**Exercise prompt**
The required output is the exact run of lines in the listing below from the line holding "法国**部长热拉尔·达尔马南" through the line holding "Martena Giovanni Battista, Flagello", with no pictures.

**Provided data**

▼▼▼

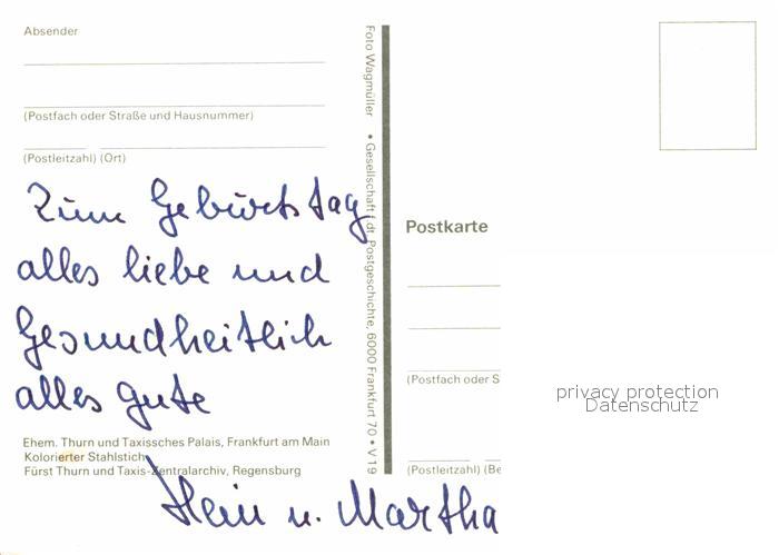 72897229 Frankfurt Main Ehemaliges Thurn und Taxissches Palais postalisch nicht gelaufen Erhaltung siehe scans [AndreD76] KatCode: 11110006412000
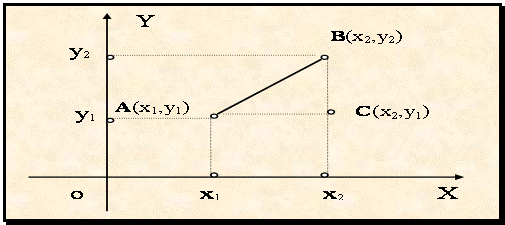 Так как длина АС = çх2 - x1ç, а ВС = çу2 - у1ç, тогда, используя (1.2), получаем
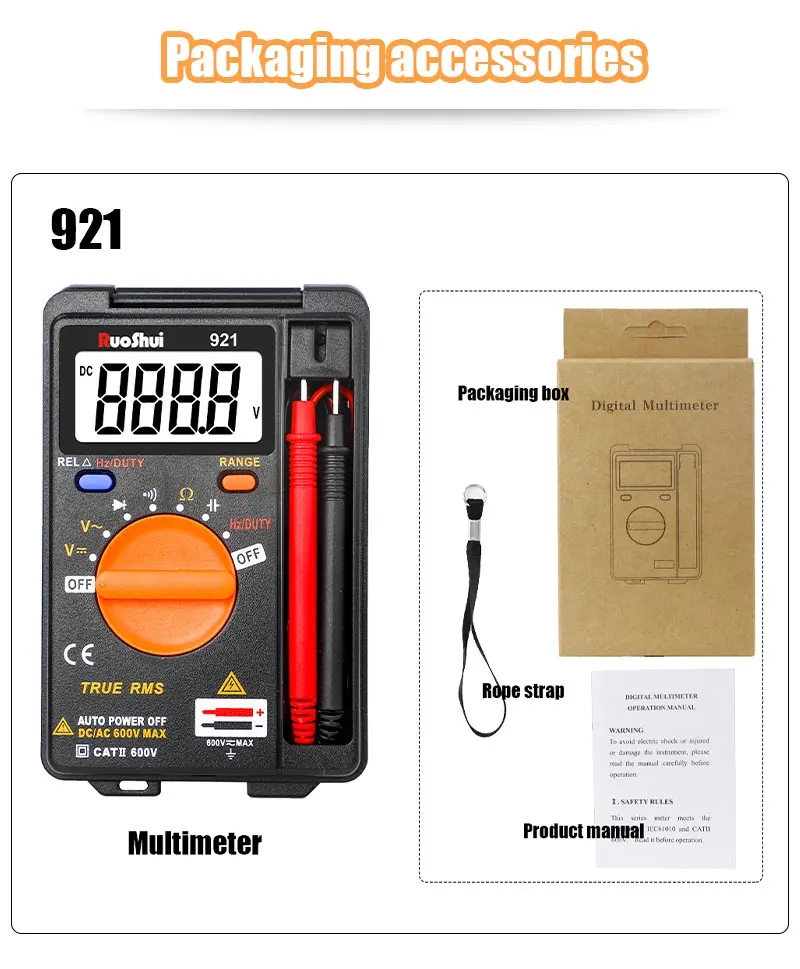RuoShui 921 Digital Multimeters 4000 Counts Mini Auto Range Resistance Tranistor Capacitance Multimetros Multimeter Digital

▲▲▲
▼▼▼

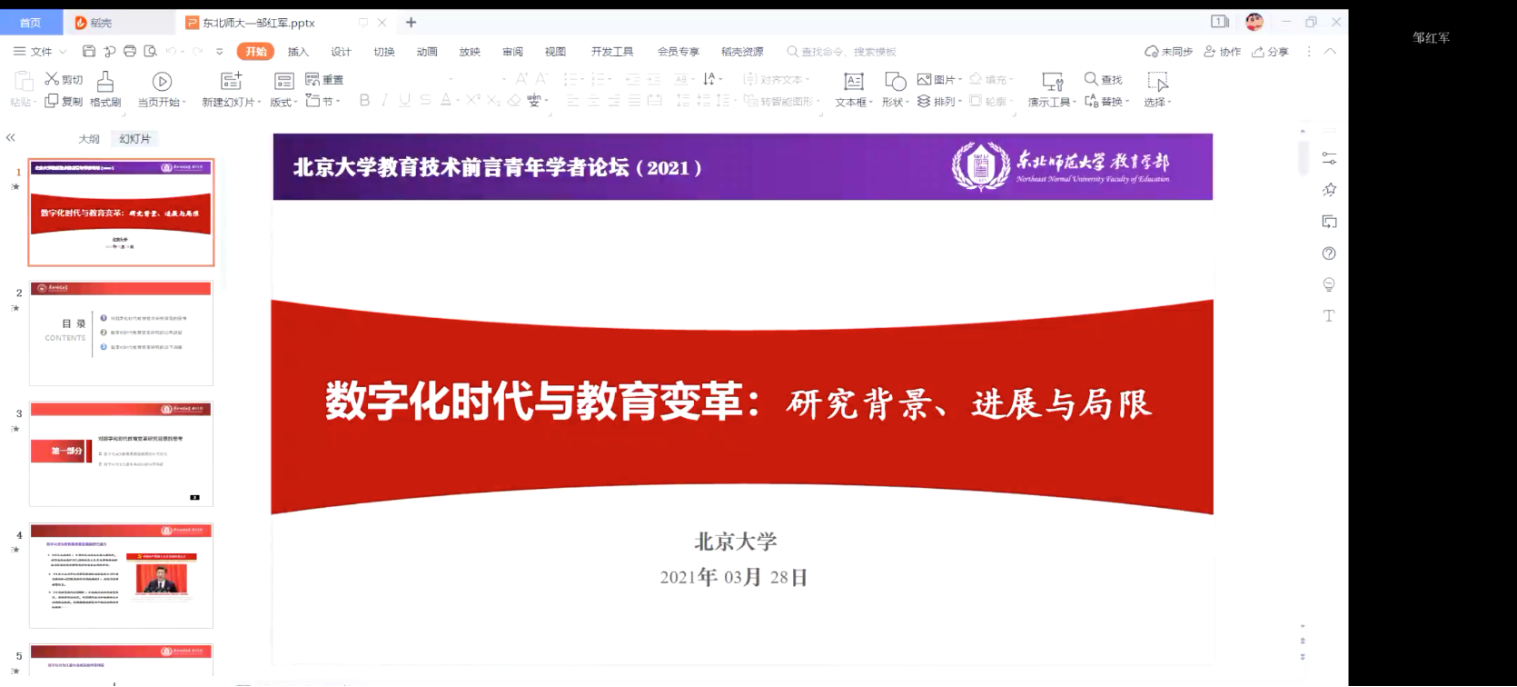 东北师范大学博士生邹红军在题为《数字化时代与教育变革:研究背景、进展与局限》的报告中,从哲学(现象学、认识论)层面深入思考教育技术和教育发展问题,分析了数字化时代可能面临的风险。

▲▲▲
▼▼▼

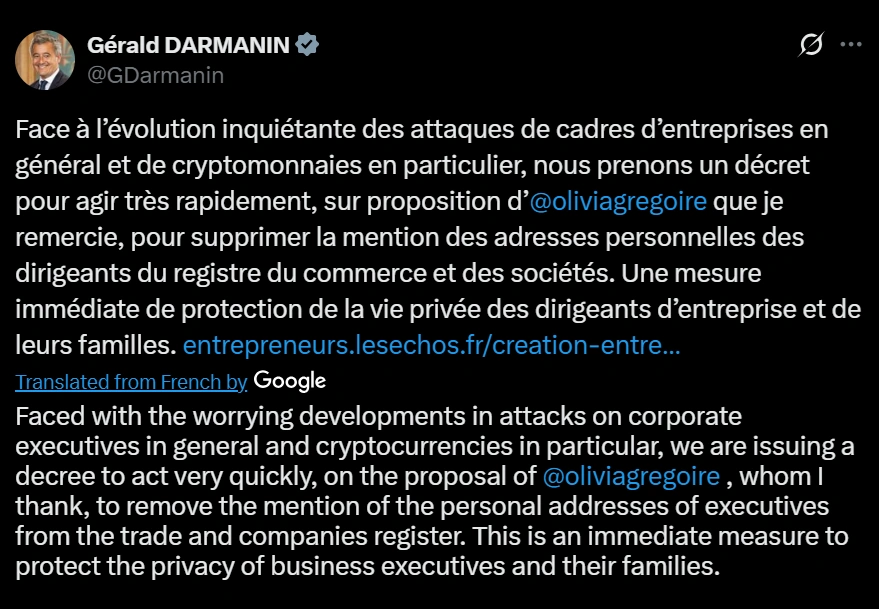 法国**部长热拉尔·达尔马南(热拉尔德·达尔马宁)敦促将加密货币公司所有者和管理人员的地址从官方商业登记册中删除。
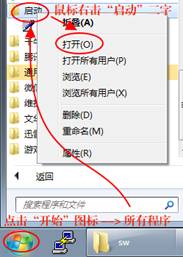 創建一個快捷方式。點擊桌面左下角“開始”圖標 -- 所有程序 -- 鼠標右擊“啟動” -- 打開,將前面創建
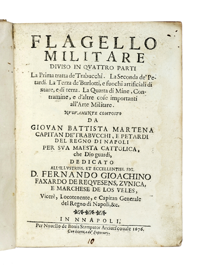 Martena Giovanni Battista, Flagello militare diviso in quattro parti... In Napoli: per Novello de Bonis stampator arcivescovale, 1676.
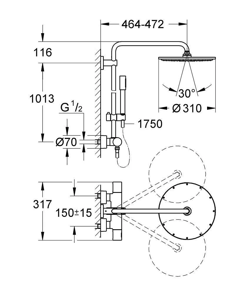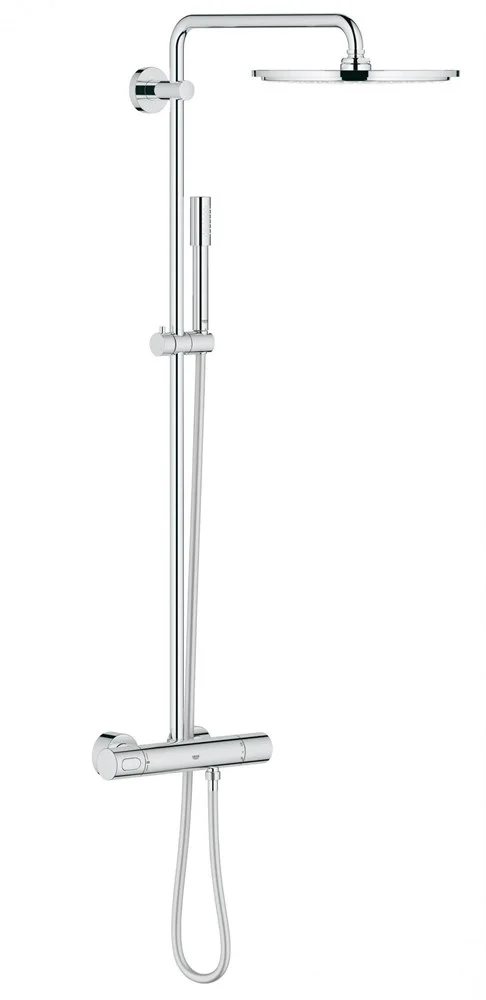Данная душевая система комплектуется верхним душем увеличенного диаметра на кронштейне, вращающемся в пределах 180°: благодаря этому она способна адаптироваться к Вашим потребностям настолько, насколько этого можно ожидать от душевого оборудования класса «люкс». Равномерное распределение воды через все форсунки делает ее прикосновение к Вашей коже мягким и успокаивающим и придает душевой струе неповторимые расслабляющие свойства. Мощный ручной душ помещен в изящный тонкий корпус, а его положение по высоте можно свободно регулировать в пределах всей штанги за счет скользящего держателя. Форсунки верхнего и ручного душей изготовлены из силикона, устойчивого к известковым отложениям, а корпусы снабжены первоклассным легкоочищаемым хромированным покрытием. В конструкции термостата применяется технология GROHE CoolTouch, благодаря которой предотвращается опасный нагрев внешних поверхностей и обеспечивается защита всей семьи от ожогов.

▲▲▲

**Solved exercise**
 法国**部长热拉尔·达尔马南(热拉尔德·达尔马宁)敦促将加密货币公司所有者和管理人员的地址从官方商业登记册中删除。
 創建一個快捷方式。點擊桌面左下角“開始”圖標 -- 所有程序 -- 鼠標右擊“啟動” -- 打開,將前面創建
 Martena Giovanni Battista, Flagello militare diviso in quattro parti... In Napoli: per Novello de Bonis stampator arcivescovale, 1676.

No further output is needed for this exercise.